Monday 31 March 2014

Persuasion by Jane Austen


 

 

Jane Austen's final novel, her most mature and wickedly satirical, is the story of Anne Elliott, a woman who gets a second chance at love. To achieve happiness she must learn to trust her own feelings and resist the social pressures of family and friends.

The story starts with the aftermath of Anne being persuaded by her family not to marry Captain Wentworth because he has nothing but his person to offer her, leaving this a rather dark story compared to the tone of Austen's previous novels. Even though the novel is rather short, it is not completely a light read; people face danger in "Persuasion", the fall ill, the fall in love and out again. Instead this dark telling is only lit by hope. Hope of falling in love and surviving it, hope of getting a second chance in life and to love and be loved in return.

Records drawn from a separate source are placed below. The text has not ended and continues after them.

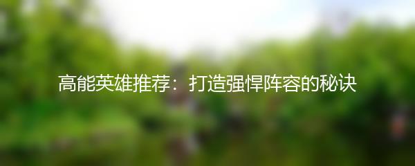 以上就是为大家带来的“高能英雄推荐:打造强悍阵容的秘诀”。通过合理搭配高能英雄阵容,你将能在游戏中成为战场上的强者,向胜利迈进。
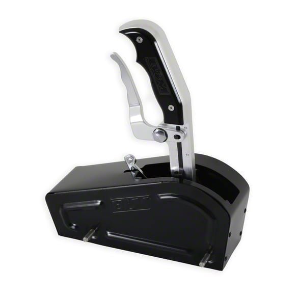 The Two-Tone Magnum Grip Pro Stick shifter delivers rock-solid performance, mixed with clean design cues and compact size. This is why you see so many Pro Stick shifters at the race track. We start off with a heavyduty steel base with a hardened steel gate plate, a reverse lockout feature that only requires one hand to operate and complies with NHRA/IHRA safety rules. Then add a unique anodized two-tone billet aluminum Magnum Grip shift handle with black replaceable side grip plates, matching aluminum trigger, and finish it off with a black anodized aluminum cover with quick release pins. You end up with one good looking bullet-proof race shifter. This model Pro Stick comes out of the box ready for action for the popular GM Powerglide 2-speed transmissions, includes a 5-foot Super Duty shift cable, brackets, levers, hardware, and detailed instructions for an easy installation. Overall Dimensions - 8.25L x 2.92W x 10.75H
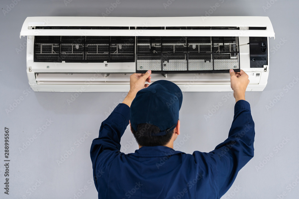 Tableau sur toile technician service removing air filter of air conditioner for cleaning

"I must go, uncertain of my fate; but I shall return hither, or follow your party, as soon as possible. A word, a look, will be enough to decide whether I enter your father's house this evening or never."

Somehow the ending of the plot is easily guessed, yet the road to that result is rather bumpy and unpredictable. It is filled with great dangers and several twists that makes the reader question his certainty of the end of the novel. It is after all not a typical Austen novel. I highly recommend this book to anyone being interested in reading Austen and realistic fiction.